UNITED STATES - Public School Teachers' Pension and Retirement Fund of Chicago is issuing redemption queues on all of its open-ended commingled funds.
Rob Kochis, principal at The Townsend Group - the pension fund's real estate consultant - said the commitments now amount to $365m (€283.4m) but the market turbulence has breached the boundaries of its asset allocation strategy.
"The main factor for doing this is that the pension fund has some re-balancing issues with its real estate programme. The investor still believes in real estate as an asset class on a long-term basis. The pension fund would not be doing this if it were not for the difficult financial times that are occurring in the marketplace."
Chicago Teachers has a targeted asset allocation for real estate of 9% but the sum now invested amounts to over 13% of its assets so the pension fund has filed redemption queues worth $100m each on its PRISA, Strategic Property Fund and Trumbull Property Fund investments and $65m for PRISA II.
Kochis said it could take as long as two years before the fund is able to withdraw all of its capital back from the funds.

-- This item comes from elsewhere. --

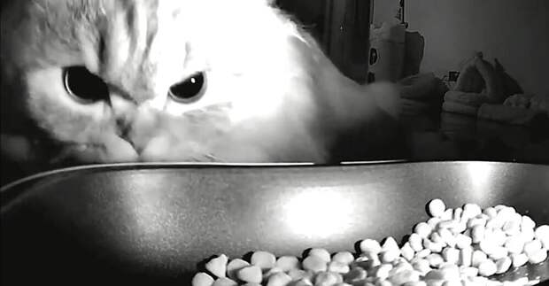 На камеру видеонаблюдения попало недовольное и постоянно голодное существо.

"There were several years where the pension fund did achieve good returns in these funds. Some [returns] were in the double digits. We do realise that we will be giving some of this return back by getting out of these funds now with asset values declining," he added.
Chicago Teachers has in some cases been invested in the funds for at least seven years.
The PRISA commingled fund series is managed by Pramerica Real Estate Investors while Strategic Property Fund is run by JP Morgan Asset Management and the Trumbull Property Fund is advised by UBS Realty Investors.
They all mainly invest in established and leased office, industrial, retail and apartments in the US.